I am one of four children, but in my childhood I don’t remember very many happy times. My father was associated with the Headhunters motorcycle gang, and our life was like Once Were Warriors triple times. We were physically, emotionally and mentally abused.
My mum, though, was a staunch Catholic and the one thing I do remember, is that she always told us Jesus had died on the cross for us.
I was 12 when Mum finally got the courage up to leave Dad. We moved in and out of refuges, but Dad would always track us down. He put hits out on us, and we had to change our names. Dad told my mum, ‘If I can’t have you, no one can. I’ll kill you.’
When I was entering my teenage years, I was sexually molested and this affected me badly. I turned into a horrible young woman; I didn’t really want to be alive. I got heavily into marijuana, and was back and forth between my mum and dad. Just after my first son was born, I spent three months in jail on drug related charges.
Life really hit rock bottom for me a few years ago, when my beloved mother died. She was my best friend, and I nursed her through two years of cancer. I was her tono—the one who did everything for her. Just after my mum died, my oldest son went missing for three months. In all the stress, my partner began to get abusive to me.
With just the clothes I had on, I took my other three children and went to a refuge. I took an overdose and woke up in hospital. But the refuge took me back, and I was blessed to be given a home through Housing NZ. I cried out to God, ‘Lord, please help me find my child.’ Not long after, the police brought my son home to me.
I was going regularly to The Salvation Army in Waitakere to get help for food. One day, someone called me and asked if I would like to fellowship there as well. I was still missing my mum, so I decided that I would go to church on my birthday.
I went that day, and have been there ever since. It was three years ago that I started journeying with the Lord.
About a year ago, I felt that I had to hand over my Māori culture to God, and he gave it back to me. I was asked to be involved with the national Māori Ministry and help lead the Auckland area, where I was involved in launching the ‘I’ll fight’ haka at Congress last year.

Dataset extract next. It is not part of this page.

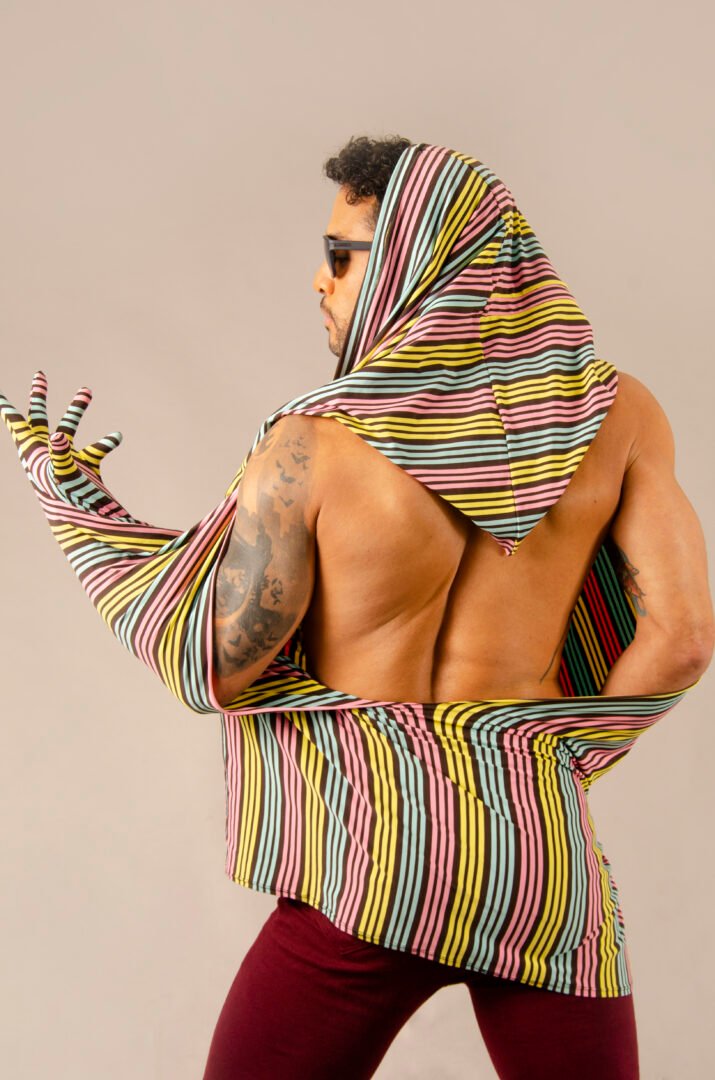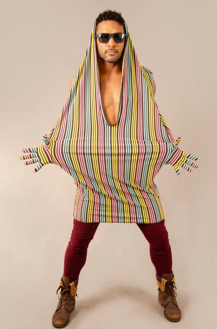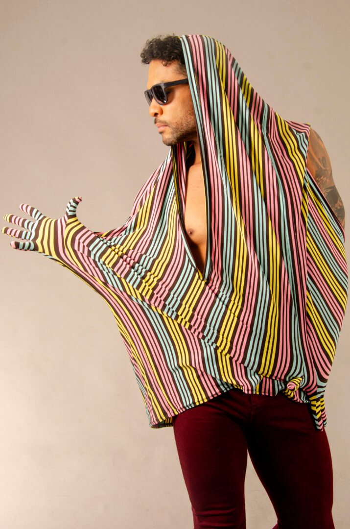The ENYGM@ Rainbow is an exclusive piece from our Afrodita collection, designed for those who seek a versatile and modern style. Made from a 100% stretchy multicolor striped fabric, this top is characterized by its transformable design, allowing for multiple ways of wearing: as a t-shirt, long shirt, or dress, depending on the wearer’s preference.

The Lord taught me how to forgive my dad when he tried to beat me again, and I felt like I was an eagle flying. After that, my father came to the Lord, and he spent the last days of his life fellowshipping at Waitakere Corps. My son is journeying with the Lord too.
I am now a soldier in The Salvation Army, and have just taken up a position as the Court and Prison Officer/Police Diversion Coordinator at the Auckland District Court. God is using everything that I have been through, to touch other souls. I pray for his presence everyday, and he has filled me with joy.